Incluso ahora, pese al retorno a la profesión, continúa con su formación. "Estoy haciendo un máster de estudios americanos y me gustaría doctorarme". Quiere hacer las Américas, pero no con el traje de artista. "Me gustaría acabar en EE UU con una beca para ser profesor de lengua y literatura". Aunque de momento no se plantea abandonar la música. "Es lo que me da de comer. Además, creo que puede funcionar mi estilo allí. Hay grandes artistas de música urbana, pero el flamenco... el flamenco es solamente nuestro".
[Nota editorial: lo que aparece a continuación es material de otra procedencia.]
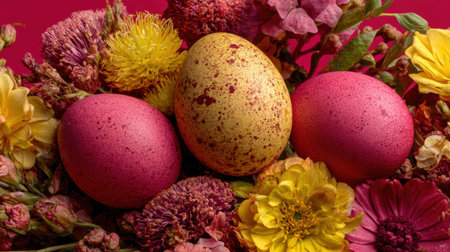 Colorful Easter eggs surrounded by a variety of flowers, perfect for spring holiday themes and advertising.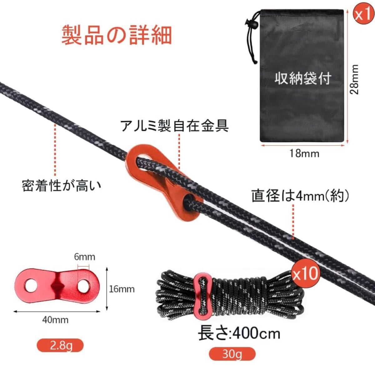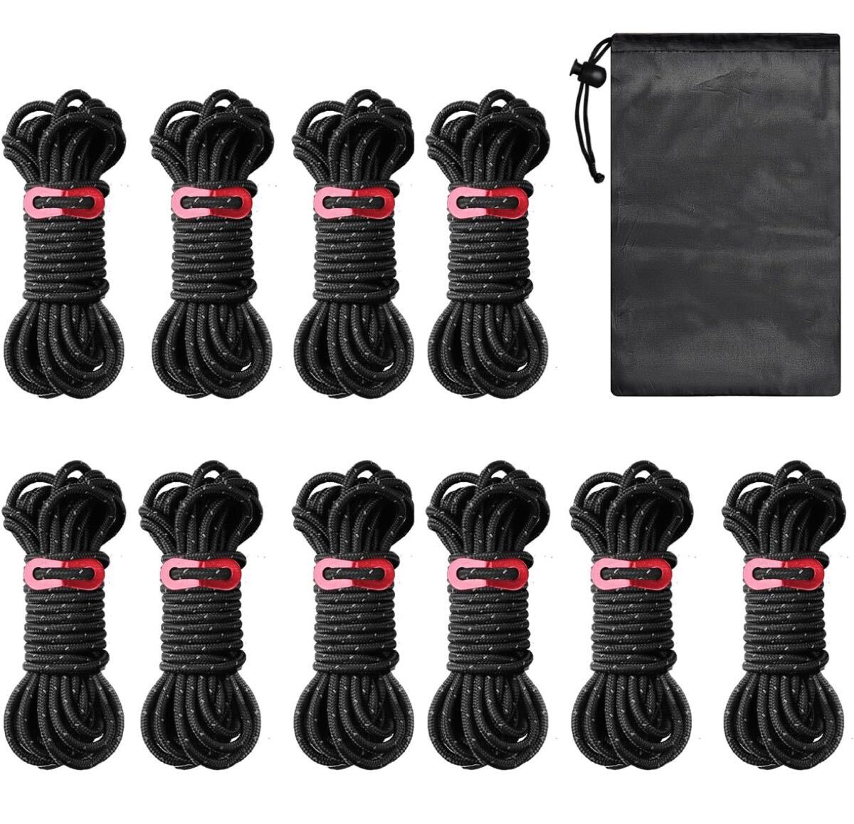 ガイロープ テントロープ キャンプ ロープ タープロープ パラコード 10本/セット 長さ4M 調節可能 耐荷重350kg キャンプ用品 テント設営 收藏

América no es su único proyecto. Desvela que le gustaría colaborar con algún artista como Alejandro Sanz. No descarta tampoco volver al cine tras ponerle banda sonora a los filmes 7 vírgenes, de Alberto Rodríguez, Yo soy la Juani, de Bigas Luna o Madre Amadísima, de Pilar Távora. Siempre, eso sí, que pueda mantenerse apegado al barrio. "Participaría en algún proyecto que tenga que ver con mi música".  También como actor. "Me gustaría que me dieran un papel en alguna película o serie, porque me gusta la actuación y en mis videoclips siempre interpreto".

Lo que cuenta de sus proyectos son deseos, suposiciones. Menos una. De todas esas facetas hay una que es certeza. Lleva varios años compartiendo sus experiencias en conferencias sobre valores y motivación, en universidades e institutos, y en prisiones. "Contar mi vida como testimonio y como ejemplo me ha aportado mayor seguridad. Es casi catártico". Y sentencia la charla con una reflexión que tiene que ver con la música y con la vida. "Espero que mi experiencia les sirva de algo a esos jóvenes que tienen toda la vida por delante, sobre todo para que se den cuenta de que para conseguir los sueños hay que luchar muchísimo y que nada te lo van a regalar".